The global appetite for data is leading to an increase in power for computing. Neo4j’s Jim Webber explains why cloud has solved many problems, but created new ones.
- The growing demand for data and analysis is creating a new source of emissions, much of which is not yet being addressed.
- Increasing use of software as a service (SAAS) and increasing use of remote servers is driving demand and the associated power demand is going to become an increasing issue for corporates.
- Use of alternative approaches, such as graph technology, can dramatically reduce impact providing a useful tool for managing power consumption demand.
IT is one of the worst contributors to the greenhouse gas (GHG) emissions threatening our future. And I don’t mean the mining of cryptocurrency. While it is true that the energy bill associated with mining bitcoin is alarmingly high—the White House estimates U.S. crypto-asset activity is 0.4% to 0.8% of U.S. GHG, equivalent to all the emissions from burning railroad diesel fuel—it’s just the use of the data centre we need to look at.
Enterprise IT alone accounts for 1.5% of the planet’s total energy consumption, and it’s estimated that in 2020 alone, data centres were responsible for producing 300 metric tons of CO2, equivalent to 0.6% of total GHG.
Why do we have so many data centres? In part, it’s because of the macro trend towards the cloud. It’s an approach that entails shifting IT provisioning from a company’s internal hardware and computer rooms to expansive, centralised server facilities. Use of the cloud has brought many benefits. As a cloud user, you can lease computing resources per your requirements and not worry about maintaining your internal computer farms.
The problem is that while the transition reduced the day-by-day costs associated with supplying access to business applications and storing data, we’ve started to think of these services as both free and infinite. With the cloud, throwing thousands of servers and huge software data tools at your problem is now the norm, simply because we can.
There are use cases where this approach is effective. However, too often, we resort to brute force, neglecting the possibility of more refined ways of cracking the problem that could be executed on one laptop.
So while big-scale cloud is undoubtedly a powerful tool, employing it indiscriminately as a battering ram for every problem is inefficient. There is no such thing as a free lunch, and every server still consumes power, be it on-premise or in an Azure data hotel.
Reducing our reliance on excessive server infrastructure, thereby decreasing electricity use, could have a substantial impact on our power consumption.
Use the right tool for the job
Cloud is a multi-purpose tool that can handle a wide range of tasks.

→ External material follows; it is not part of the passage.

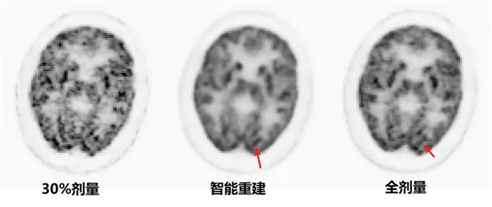 在明峰醫(yī)療和之江實驗室的共同努力下,這套自主研發(fā)的算法能夠直接賦能影像設(shè)備,形成軟硬件一體化系統(tǒng)。臨床評估顯示,明峰醫(yī)療研發(fā)的超低劑量PET重建技術(shù),能夠在減少身體掃描50%輻射劑量、頭部掃描70%輻射劑量的情況下,實現(xiàn)信噪比、分辨率、定量精度的多目標(biāo)優(yōu)化。

It is a versatile general tool, but certain tasks can be performed more efficiently and effectively with a specialized one. If you’ve got a Swiss Army Knife and I’ve got a power drill, you can complete more tasks than me—but I’m able to make holes in walls a lot more efficiently than you.

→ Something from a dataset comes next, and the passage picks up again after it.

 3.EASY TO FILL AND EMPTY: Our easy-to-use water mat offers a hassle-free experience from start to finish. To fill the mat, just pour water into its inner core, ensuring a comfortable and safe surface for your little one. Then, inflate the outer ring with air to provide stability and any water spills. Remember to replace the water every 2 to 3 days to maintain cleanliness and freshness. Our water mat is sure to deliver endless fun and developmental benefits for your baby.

Programmers need to be reminded about choosing the right tool for the job, rather than defaulting to large-scale processing with cloud computing. There are some IT problems—even at the highest enterprise level—that can be solved more efficiently with a single thread on a laptop with the right software rather than using vast cloud infrastructure.
If we adopted that approach, we’d bypass the complexities associated with managing and maintaining a server farm environment, including all the power and hardware purchasing and overseeing involved. As a result, we would curb the GHG emissions it takes to keep that infrastructure online.
Independent of environmental concerns, I suspect there is a change coming with overuse of the cloud. Organisations are receiving ever larger bills from the “hyperscalers”, prompting them to appreciate that the cloud is not as cheap as originally thought. Cloud providers are offering discounts to help rationalise CIO’s spend. However, this discounting encourages an unvirtuous cycle where the default response to every problem becomes deploying a 1000-server solution.
And in the meantime, there are far less computationally expensive alternatives available for processing data.
Scale alone is not the solution
An excellent example is Adobe’s Behance social media network, which is a form of Twitter for the creative community. The problem was that two different architectural cloud approaches had not delivered the desired functionality for the application.
The first version needed 120 servers and around a 20-terabyte dataset of disk space. Ultimately, that approach didn’t provide sufficient business value or operational simplicity. It was then moved on to another big data cloud database that needed 48 servers, but Adobe had to increase its on-disk footprint to 50 terabytes. The system still had large infrastructure requirements yet did not meet user needs.
Adobe then moved to a solution called graph technology, which is a form of database-based approach. Graphs store company data in a smarter way where connections and relationships can be uncovered far more quickly compared to traditional databases. Now, Adobe needed just three servers for the same workload but with substantially improved functionality.
Moving to a better form of underlying software resulted in 40 times less hardware, making a significant dent in the energy needed to run the service and the carbon produced by the data centre.
Lightweight technology, such as graph software, needs far less data centre power and cooling for the same or better functionality. It’s an approach that can be used as a tool for saving IT costs and lowering the sector’s carbon footprint.
Graph software is not a silver bullet for all our climate worries, but being smarter about your cloud spending can help your IT bill and the planet.